Cock Fights on the Floor
If you had to publish a book called "101 Ways to Succeed on the Downtown Dance Scene," you'd probably want Christopher Elam to write it. The 30-year-old Brown graduate's schedule fancies a harried to-do list of an in-demand choreographer. Judging by his resume, Elam must spend half his life in rehearsals and the other half writing grant applications. His performances have been sponsored by the Mellon Foundation, The Joyce and the Lower Manhattan Cultural Council, among others. It makes you wonder just how many gifted young choreographers with less intestinal fortitude for self-promotion have fallen by the wayside in this crazy city.
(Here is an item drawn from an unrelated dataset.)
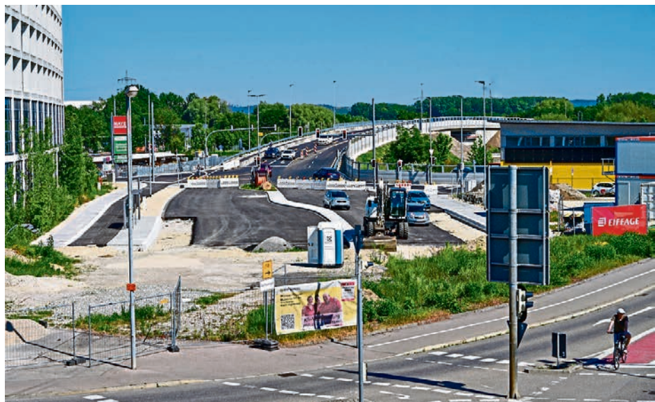
Die neue Brücke über die Bahnlinie ist bereits für den Verkehr freigegeben, die Marktkaufkreuzung davor wird nun umgebaut.

aus der Nürnberger Straße an der Marktkaufkreuzung ankommt, wird nach links und rechts in die Theodor-Heuss-Straße geführt. Kurz vor der Theodor-Heuss-Brücke besteht die Möglichkeit, in die Siemensstraße abzubiegen, zur neuen Brücke am Schneller Weg. Wer von Osten (aus Richtung Autobahn) kommt, kann an der Marktkaufkreuzung künftig nur noch geradeaus fahren und nicht mehr nach Süden, in Richtung Schillerbrücke abbiegen. Die Stadt bittet alle Verkehrsteilnehmer, Kreuzungsbereiche bei Rückstau freizu-

Elam's innovative technique draws inspiration from a myriad of terpsichorean traditions such as Balinese dance, Cuban salsa and contemporary idioms that result in an angular, distinct style; an imprimatur all his own that some simply qualify as "weird." Though labeled a late starter (he took his first formal classes at age 20), he had already choreographed 15 dances by the time he learned his first proper tendu. One performance by his Misnomer Dance Theater this year showcased dancers slithering about like alien reptilia, followed by an almost Hopperesque two-person composition about the inability to connect, which took place on a bucolic rural window sill.
Fast-forward to Elam's current show, Throw People, inspired by (of all things!) Indonesian chicken fights, those terrifyingly implausible events in which chickens are thrown into rings and tear each other apart with razor blades. There's a lot of rough and tumble partnering in the pieces, but no razors or cutting, so don't be frightened away. The evening just might unfold as one of your most interesting.